The turkey industry has so altered the natural order that the enormous breast meat mass of commercial breeds has resulted in the birds being physically incapable of mating.1857 “One hundred percent artificial insemination,” researchers note in Livestock Production Science, “allowed for the continuation of intense selection for body weight in male lines.”1858 Female turkeys are inseminated by tube or syringe.1859

Selection has been so intense that commercial turkeys, like broiler chickens, can barely support their own weight.

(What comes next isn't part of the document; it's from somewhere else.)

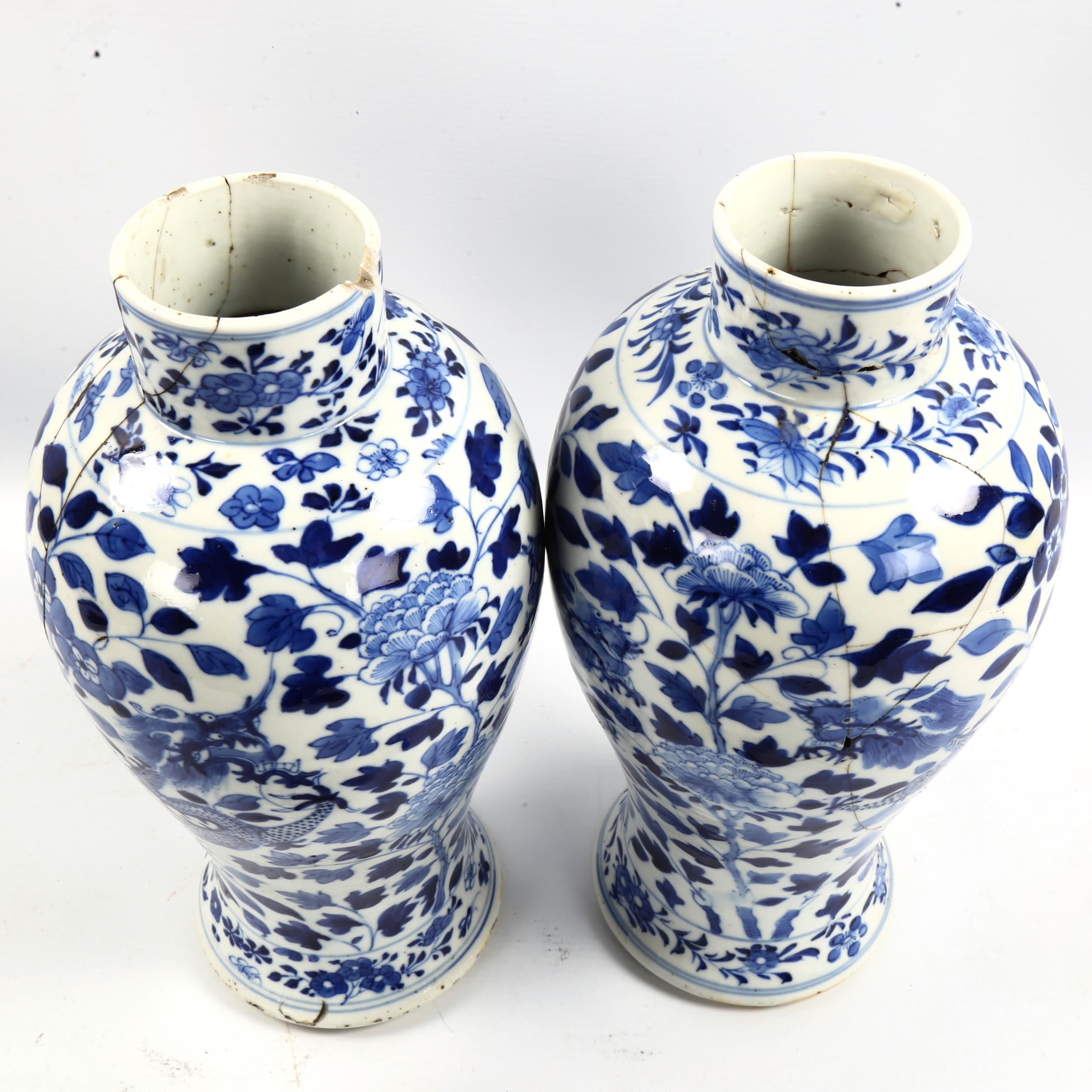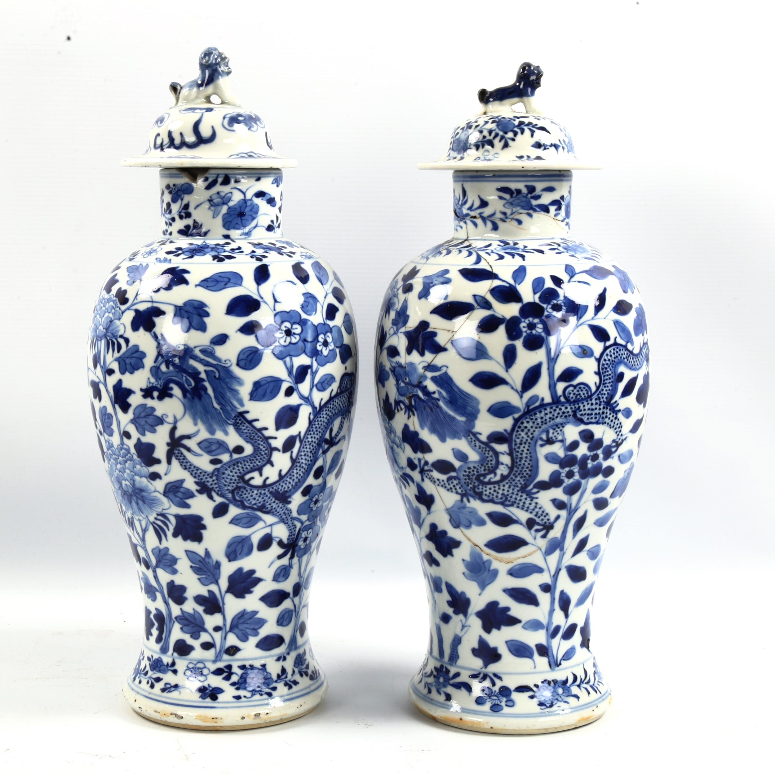 A pair of 19th century Chinese blue and white porcelain jars and covers with dragon decoration, 4 character marks, height 37cm, both damaged and repaired
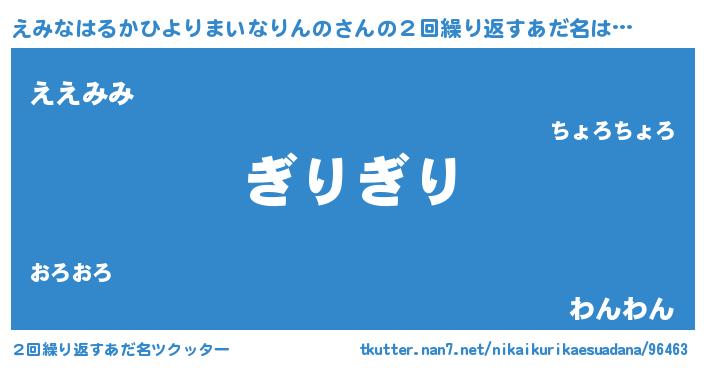 | 意味不明あだ名 | 『永久保存えみなはるかひよりまいなりんの』 |

A staff editor of the leading U.S. livestock feed industry publication writes that “turkeys have been bred to grow faster and heavier but their skeletons haven’t kept pace, which causes ‘cowboy legs.’ Commonly, the turkeys have problems standing…and fall and are trampled on or seek refuge under feeders, leading to bruises and downgradings as well as culled or killed birds.”1860 One group of researchers concluded, “We consider that birds might have been bred to grow so fast that they are on the verge of structural collapse.”1861

Many do collapse and spend much of their time lying in their own waste. Similar to broiler chickens, most turkeys in commercial production are overcrowded in warehouse-like sheds, and the majority1862 suffer from ulcerative contact dermatitis, from breast blisters to bed sore-like hock burns.1863 These painful lesions add to the stress that may impair overall immune performance. USDA researchers conclude: “Selection of poultry for fast growth rate is often accompanied by a reduction in specific immune responses or increased disease susceptibility.”1864

Slower growth is costly, but so are disease outbreaks. Why doesn’t the industry select for birds with improved immune responses? They’ve tried. Early in the industry’s history, rather crude methods were used to try to breed for resistance. Breeders would take baby chicks and challenge their immune systems by exposing them to adults with Marek’s disease, a poultry disease caused by a cancer-causing herpes virus. Those who lived through the exposure went on to create the next generation, one that would presumably be more resistant to the disease.1865 No one wants to bite into a tumor at KFC.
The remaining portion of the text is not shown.